• [EXERCISE AIM]: Word for word, copy out every line of the records, omitting each picture.

GIVEN RECORDS START

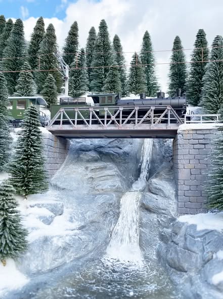 Glacier Express, and the Bernina Express – both of which may be seen on the layout. The striking red of the well-maintained trains against brilliant white snow
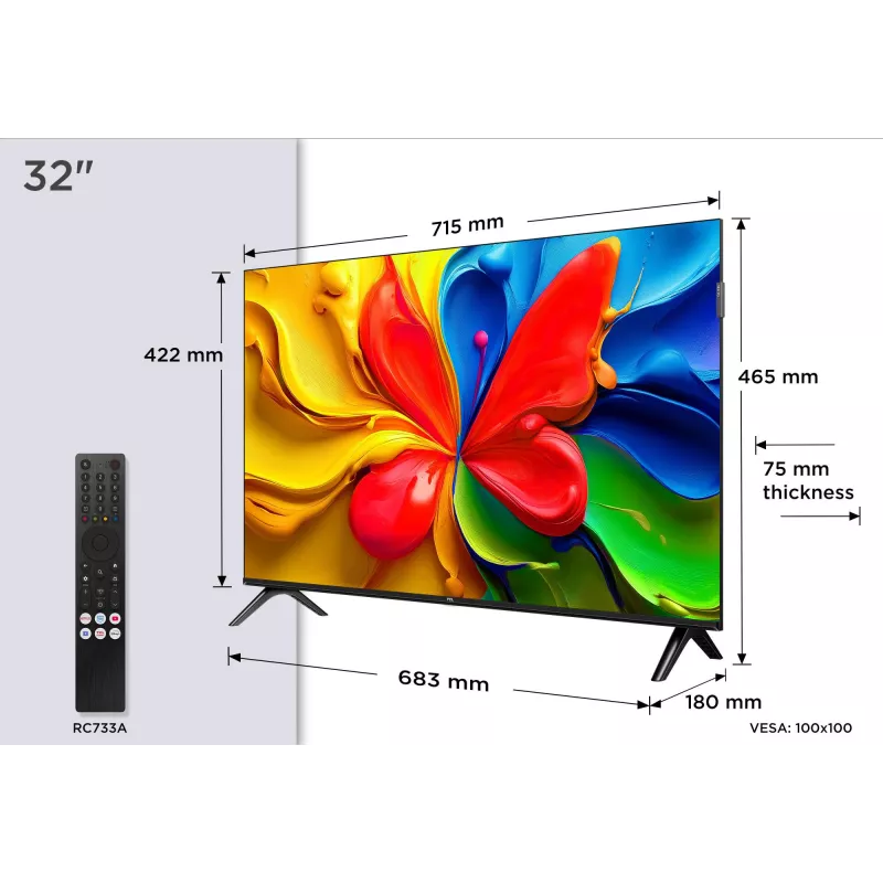 - TCL 32V4C. DISPLAY DIAGONAL: 81.3 CM (32"), DISPLAY RESOLUTION: 1366 X 768 PIXELS, HD TYPE: HD, DISPLAY TECHNOLOGY: QLED, SCREEN SHAPE: FLAT, LED BACKLIGHTING TYPE: DIRECT-LED. SMART TV. MOTION INTERPOLATION TECHNOLOGY: PPI (PICTURE PERFORMANCE INDEX) 600
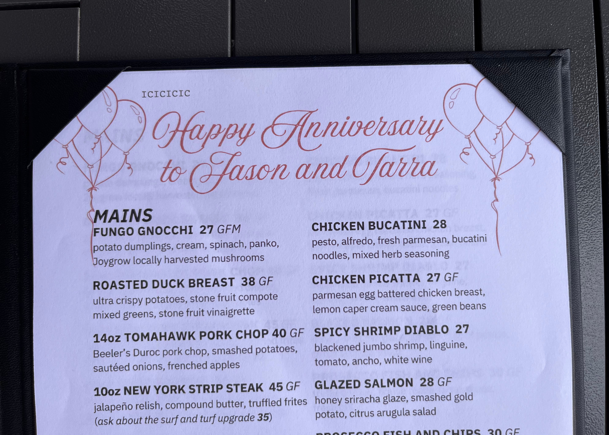 Aura has a modern yet welcoming vibe that feels celebratory the moment you walk in. Soft lighting, stylish décor, and an energy that balances sophistication with comfort set the perfect tone for our evening. And right away, the staff made us feel like more than just guests — they made us feel celebrated. Waiting at our table were menus personalized with “Happy Anniversary Jason & Tarra” printed across the top. It was such a thoughtful, unexpected touch that immediately set the evening apart.
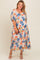 Navy Blue Floral V-Neck Short Puff Sleeve Tiered Maternity Plus Midi Dress
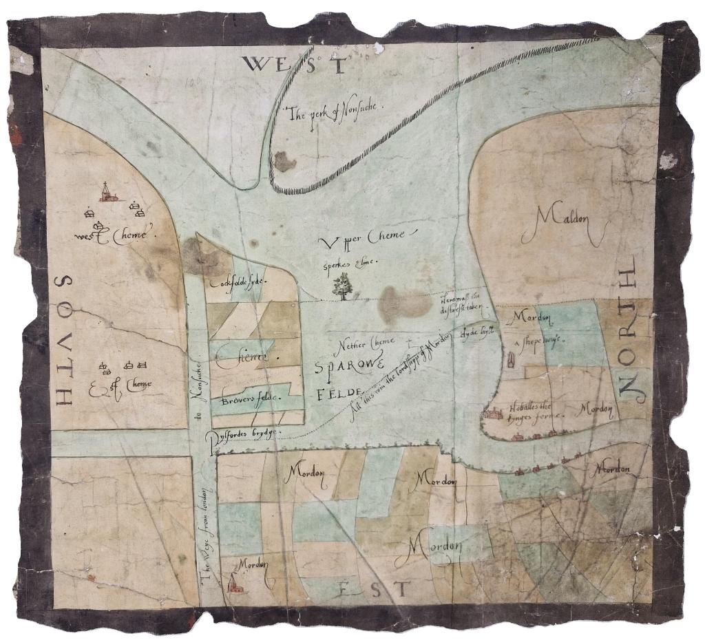 The expanse of common land that gives the patch its name was originally larger, providing for many commoners. By the 13th century, we know from early court documents that all was not well. As villages grew, it resulted in multiple disputes between parishes over grazing rights and firewood. The Sparrowfeld disputes would go on for nearly three centuries, during which time Henry VIII would appropriate 900 acres for his Great Park of Nonsuch, now Worcester Park. Part of the remaining land would become Cheam Common and Morden Common. The map below was drawn up to help settle a dispute between Morden and Cheam in 1553 (courtesy of the National Archives).

GIVEN RECORDS END

• [RESPONSE TO THIS TASK]:
 Glacier Express, and the Bernina Express – both of which may be seen on the layout. The striking red of the well-maintained trains against brilliant white snow
 - TCL 32V4C. DISPLAY DIAGONAL: 81.3 CM (32"), DISPLAY RESOLUTION: 1366 X 768 PIXELS, HD TYPE: HD, DISPLAY TECHNOLOGY: QLED, SCREEN SHAPE: FLAT, LED BACKLIGHTING TYPE: DIRECT-LED. SMART TV. MOTION INTERPOLATION TECHNOLOGY: PPI (PICTURE PERFORMANCE INDEX) 600
 Aura has a modern yet welcoming vibe that feels celebratory the moment you walk in. Soft lighting, stylish décor, and an energy that balances sophistication with comfort set the perfect tone for our evening. And right away, the staff made us feel like more than just guests — they made us feel celebrated. Waiting at our table were menus personalized with “Happy Anniversary Jason & Tarra” printed across the top. It was such a thoughtful, unexpected touch that immediately set the evening apart.
 Navy Blue Floral V-Neck Short Puff Sleeve Tiered Maternity Plus Midi Dress
 The expanse of common land that gives the patch its name was originally larger, providing for many commoners. By the 13th century, we know from early court documents that all was not well. As villages grew, it resulted in multiple disputes between parishes over grazing rights and firewood. The Sparrowfeld disputes would go on for nearly three centuries, during which time Henry VIII would appropriate 900 acres for his Great Park of Nonsuch, now Worcester Park. Part of the remaining land would become Cheam Common and Morden Common. The map below was drawn up to help settle a dispute between Morden and Cheam in 1553 (courtesy of the National Archives).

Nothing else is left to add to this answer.